Sequence alignment of human and bovine rhodopsin. Green, differences between both sequences; orange, conserved D(E)RY motif; blue, TM3-TM5 microdomain (Glu-122, Trp-126, and His-211) near the retinal β-ionone ring; magenta, conserved NPXXY(X)_5,6F motif; red, Schiff base lysine (Lys-296); the bold lettering denotes the known retinitis pigmentosa positions.

FIGURE 2.

Homology model and areas of interest. a, homology model of dark state human rhodopsin based on bovine rhodopsin structure (PDB entry 1U19) containing 11-cis-retinal bound via a protonated Schiff base to Lys-296 (red). Black boxes highlight the regions (amino acids 297–300) and (amino acids 194–198) that are in the focus of this study.

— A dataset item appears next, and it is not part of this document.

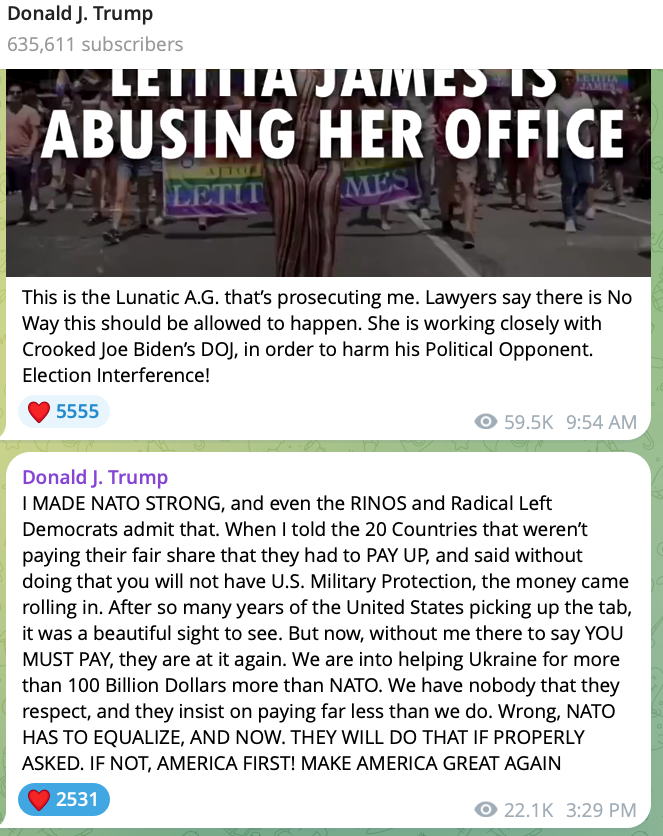 我们在向乌克兰提供援助上已经超过北约1000亿美元。他们没有人尊重我们,他们依然坚持比我们少付很多钱。错了,北约必须实现平衡,现在就是时候了。如果恰当地提出要求,他们将会这样做。如果不配合,那么就美国优先!让美国再次伟大”

Differences between human (green) and bovine (gray) amino acids are indicated. b and d, enlarged side view of the two regions shows the details of the structural differences. c and e, sequence alignment segments of bovine and human rhodopsin for residues 294–304 and 190–200 as well WebLogo diagram of all available mammalian rhodopsin sequences. Dashed arrows below e indicate the known secondary structure elements, namely EL2, TM5, and the T₅E₂C region (residues 194–198; TEC).

FIGURE 3.

Comparison of the region around residue 298 (spacefill depiction) of inactive bovine (a) and human (b) rhodopsin. Shown are interior pockets that fit a probe of radius 0.8 Å (orange). The change of Ser-298 in bovine rhodopsin into Ala-298 in human rhodopsin presumably leads to a continuous pore accessible to water molecules (small red spheres) near residue 298 and the retinal SB.

FIGURE 4.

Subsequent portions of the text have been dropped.